Created on 04-05-2024 12:12 AM - edited on 10-11-2024 01:00 AM by satz
This guide outlines the steps for installing Apache Spark 3.x on your Cloudera cluster by leveraging Cloudera Manager (CM) and CDS3 parcels. Learn how to efficiently download, distribute, and activate the CDS3 parcel for a seamless Spark3 deployment, saving you time and effort compared to traditional methods. Additionally, the guide provides resources for troubleshooting any potential issues encountered during the installation.
Note: This article, mainly focuses on Cloudera Manager Server does have Internet access.
CDS 3 Powered by Apache Spark is an add-on service for CDP Private Cloud Base, distributed as a parcel.

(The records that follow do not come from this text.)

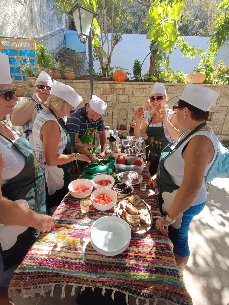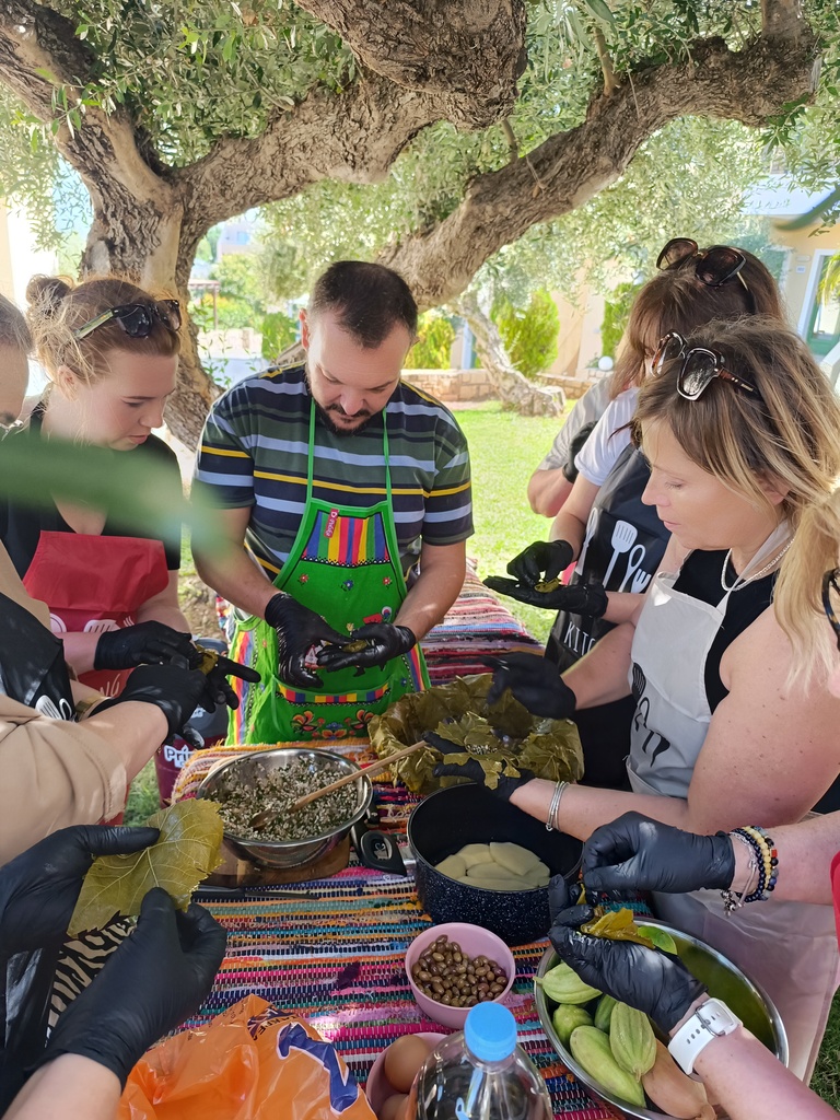 Warsztaty kulinarne na Krecie to świetna okazja do poznania ciekawych zakątków wyspy, od kuchni. Na naszych lekcjach gotowania, doświadczony szef kuchni i nasz przyjaciel, Kostas Perikos będzie zarażał uczestników swoją miłością do Krety, jej kultury, tradycji i kuchni oraz przekaże nam wiedzę i doświadczenie, zdobywane przez lata w swoim zawodzie. Realizując ten wspólny, kulinarny projekt pragniemy, aby wszyscy chętni i otwarci na nowe pomysły, poznawali naszą ukochaną Kretę od kuchni. Bo nic tak przecież nie zbliża i łączy ludzi, jak wspólne gotowanie i jedzenie. Zabierzemy Was w miejsce nietuzinkowe, wyjątkowe, niezwykle malownicze, gdzie można poobcować z lokalną społecznością, poznać Kretę prawdziwą, z daleka od komercyjnych i zatłoczonych kurortów wypoczynkowych. Odwiedzimy kreteńską wieś, gdzie można poczuć ten oryginalny, niepowtarzalny klimat wyspy, gdzie pachnie świeżymi ziołami, które sami nazbieramy by potem wykorzystać przy wspólnym gotowaniu. Nasze gotowanie odbywa się w miłej, rodzinnej atmosferze. Będziemy używać najlepszych, kreteńskich produktów najwyższej jakości, kreteńskiej oliwy z oliwek, świeżych warzyw od tutejszych rolników. Pod okiem super Szefa, stworzymy pyszne, kilkudaniowe, sezonowe menu by potem przy lokalnym winie pobiesiadować, posłuchać muzyki i kreteńskich opowieści. Bo, jak mawiał klasyk: dobrze jest jadać z Grekami, oni to potrafią.
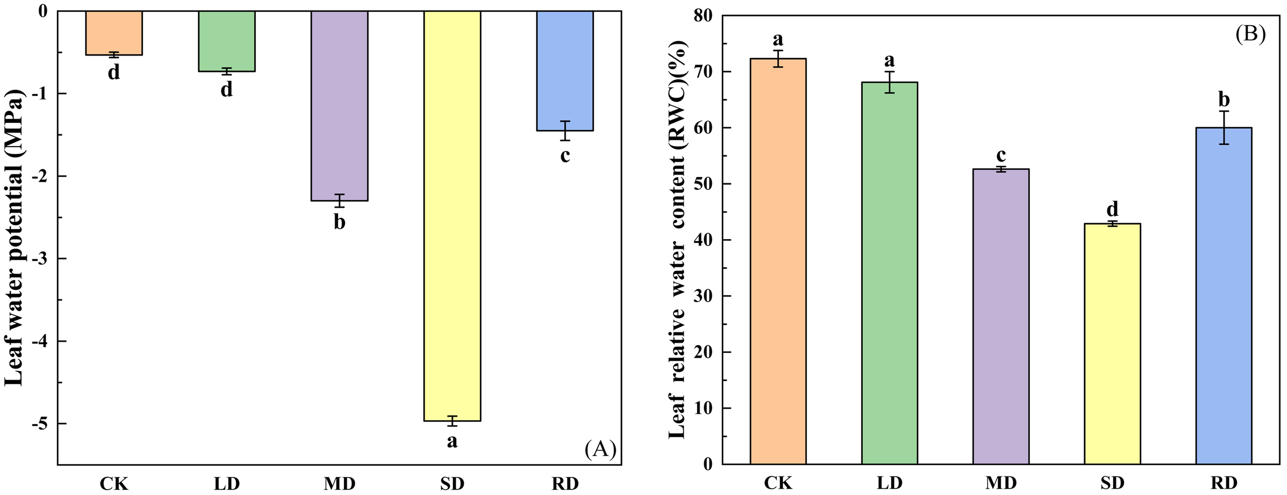 According to the soil relative water content (WCH) of 60% ~ 80%, 40% ~ 60%, and 20% ~ 40%, 30 seedlings were selected from 150 test seedlings as comparison (CK)、mild drought stress (LD)、moderate drought stress (MD), respectively. Finally, 60 plants with a WCH of 5% ~ 10% were selected. Among them, 30 plants were used as severe drought stress (SD), and the other 30 plants were replenished with water on August 6, 2023 and used as rehydrated treatment (RD).The assessment of each index began on August 8, 2023 and ended on August 10. Therefore, the drought stress time of CK, LD, MD, and SD was 7∼10 days, and the rehydrated lasts for 2∼5 days.
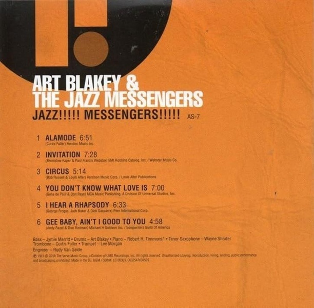 | Liste des pistes | 1.1 . alamode - Art Blakey Jazz Messengers 1.2 . invitation - Art Blakey Jazz Messengers 1.3 . circus - Art Blakey Jazz Messengers 1.4 . you don't know what love is - Art Blakey Jazz Messengers 1.5 . i hear a rhapsody - Art Blakey Jazz Messengers 1.6 . gee baby, ain't i good to you - Art Blakey Jazz Messengers |
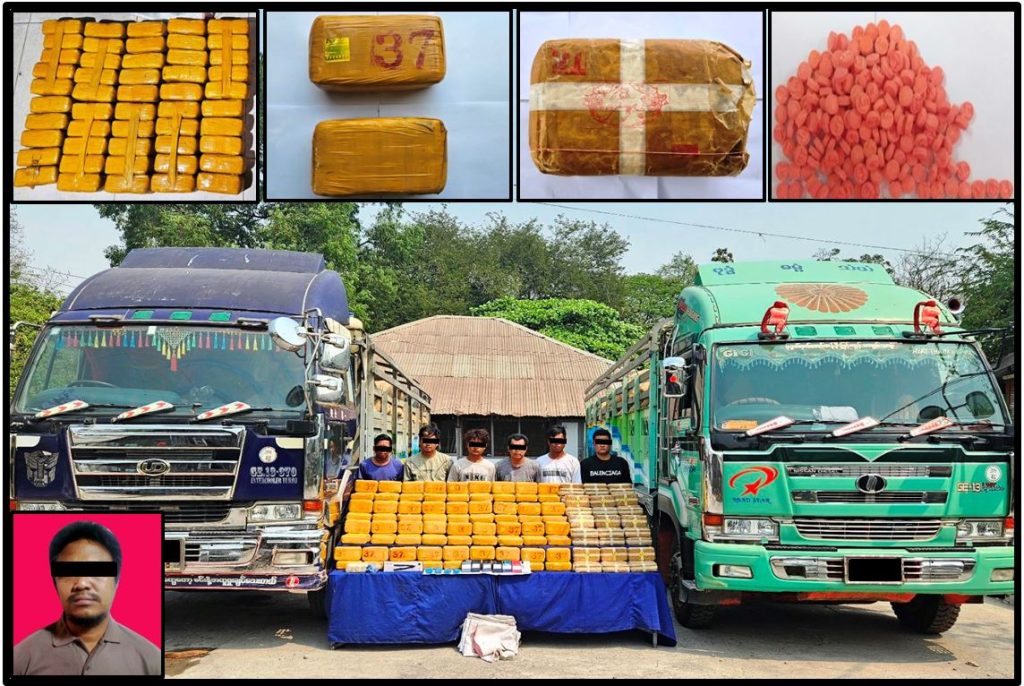မူးယစ်ဆေးဝါးတားဆီးနှိမ်နင်းရေးရဲတပ်ဖွဲ့မှ တပ်ဖွဲ့ဝင်များပါဝင်သော ပူးပေါင်းအဖွဲ့သည် မတ်လ ၁၄ ရက်နေ့ ညနေ ၄ နာရီခွဲအချိန် မန္တလေးတိုင်းဒေသကြီး၊ ပြည်ကြီးတံခွန်မြို့နယ်၊ ၁၃၄ လမ်းနှင့် ၇၈ လမ်း ထောင့်၌ အောင်နိုင်ထွေး(ခ)ဖိုးသား မောင်းနှင်ပြီး ရဲလင်းဖြိုး လိုက်ပါလာသည့် NISSAN ၁၂ ဘီးမော်တော် ယာဉ်နှင့် နန်းလင်း မောင်းနှင်ပြီး ရဲဝင်းထက် လိုက်ပါလာသည့် NISSAN ၁၂ ဘီး မော်တော်ယာဉ်တို့ကို သတင်းအရရှာဖွေရာ အဆိုပါယာဉ် ၂ စီးပေါ်တွင် ကုန်ပစ္စည်းများဖြင့် ဖုံးအုပ် သယ်ဆောင်လာသည့် စိတ်ကြွရူးသွပ်ဆေးပြား ၁၀ ဒသမ ၁ သိန်း သိမ်း ဆည်းရမိခဲ့ကြောင်း သိရသည်။
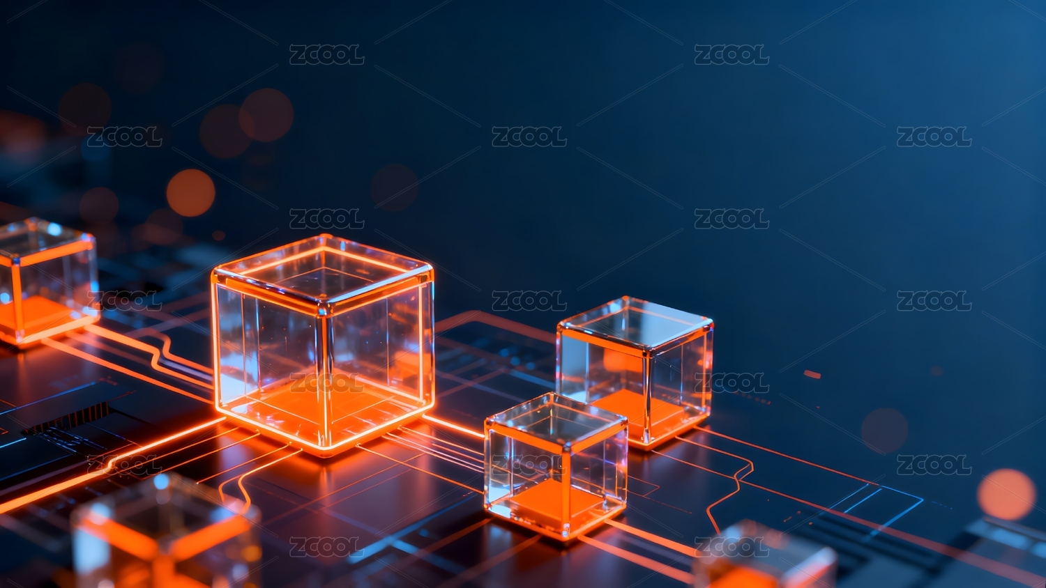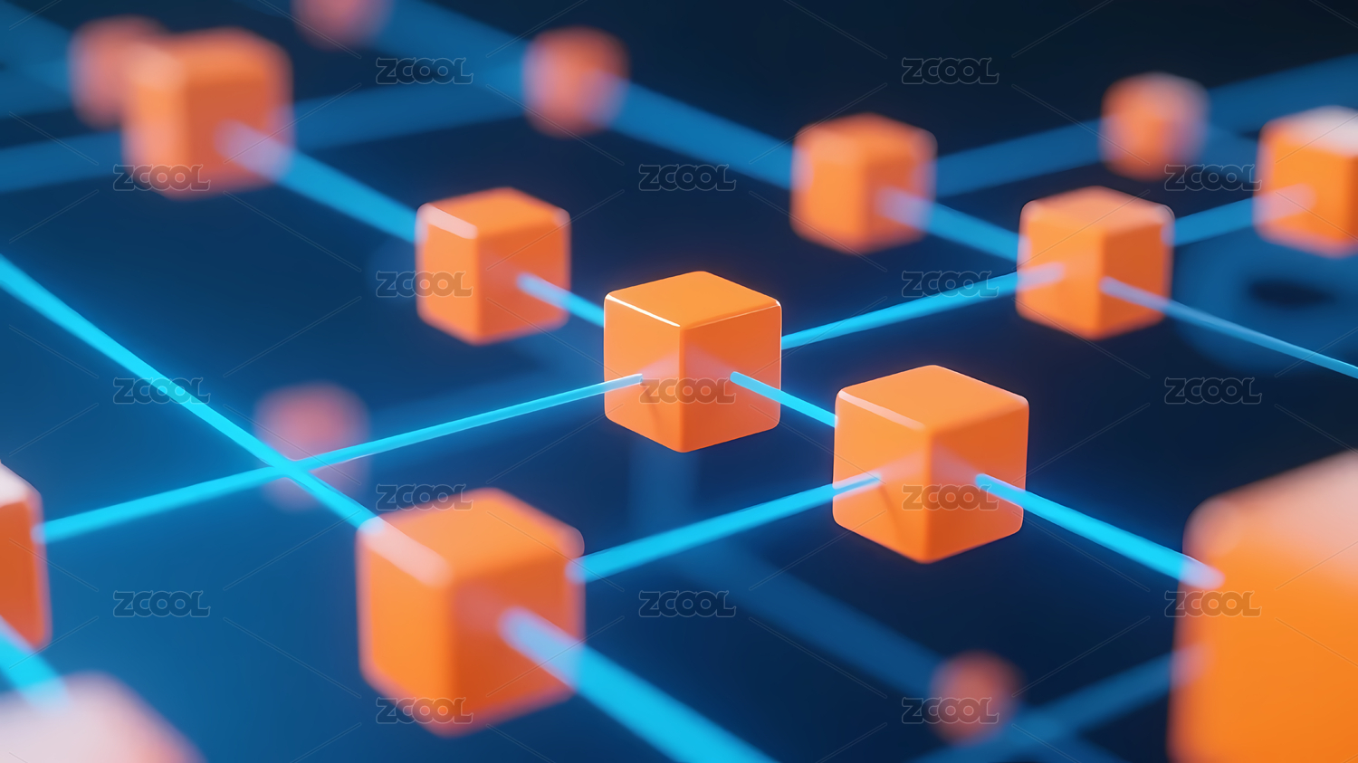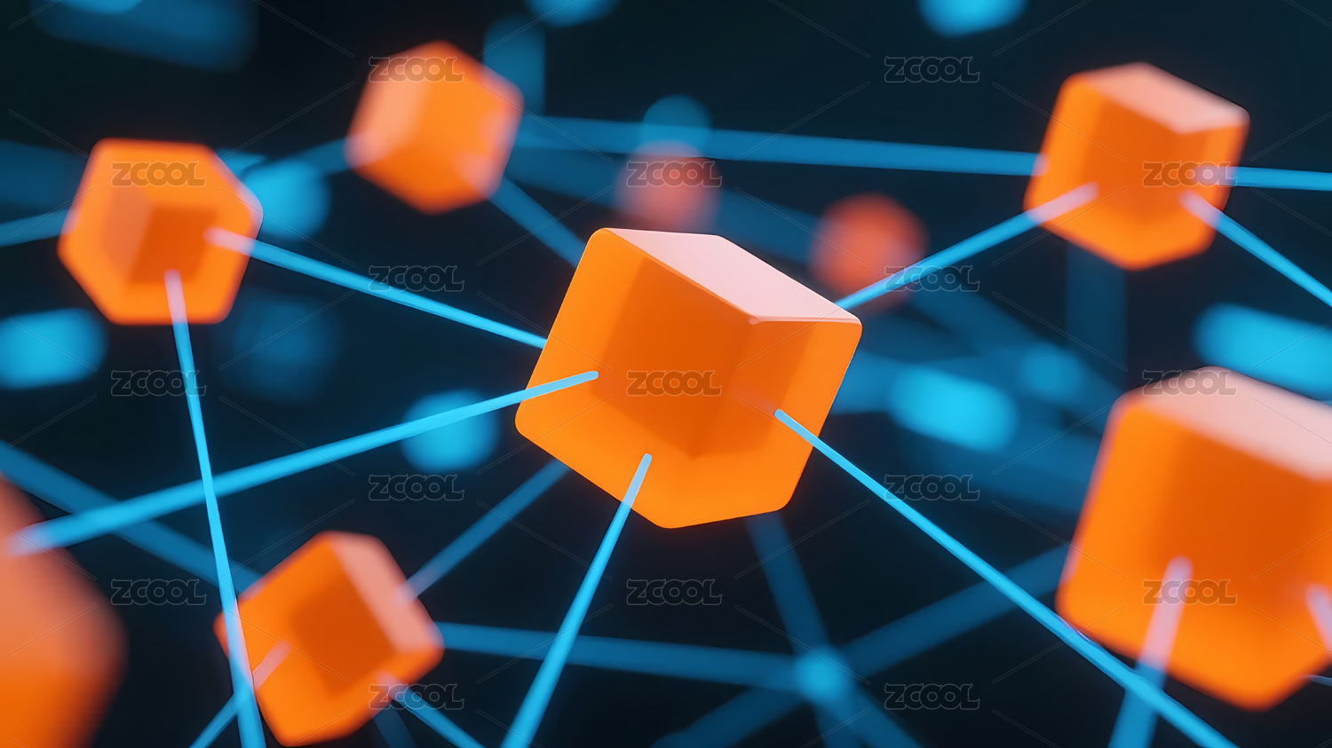 蓝色,背景,科技,结构,深蓝,线条,橙色,连接,网络,立方体
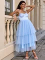 • A-line Straps Cascading Ruffles Tea-Length Tulle Corset Dress
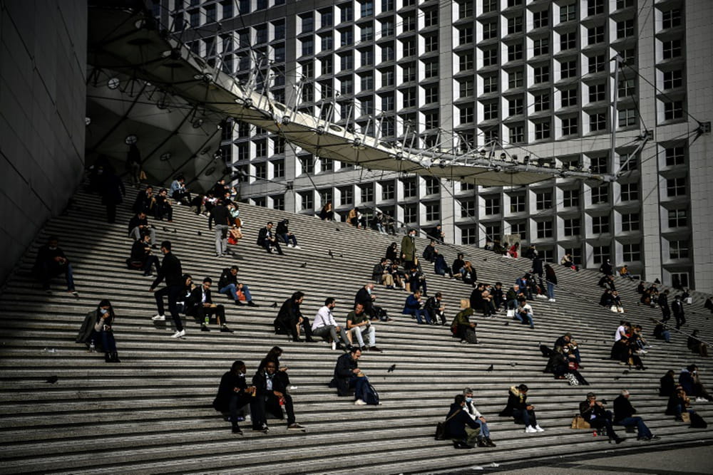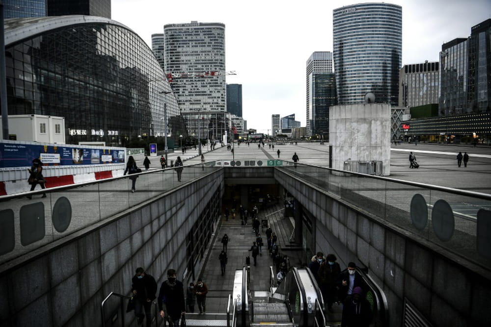 Les rames du métro et du train de banlieue RER A déversent toujours au petit matin des grappes de travailleurs, certes masqués et silencieux, mais nombreux. Les terrasses de restaurants affichent complet au déjeuner. Les 564 hectares du quartier d'affaires semblent occupés.

The Cloudera Service Descriptor(CDS) file is available in Cloudera Manager for CDP 7.1.X.
The CDS version label is constructed in v.v.v.w.w.xxxx.y-z...z format and carries the following information:
v.v.v - Apache Spark upstream version, for example,
Spark3 Base Parcel Location is https://archive.cloudera.com/p/spark3
CDP Version CDS3 Version Spark Version Parcel Repository CSD Installation Required?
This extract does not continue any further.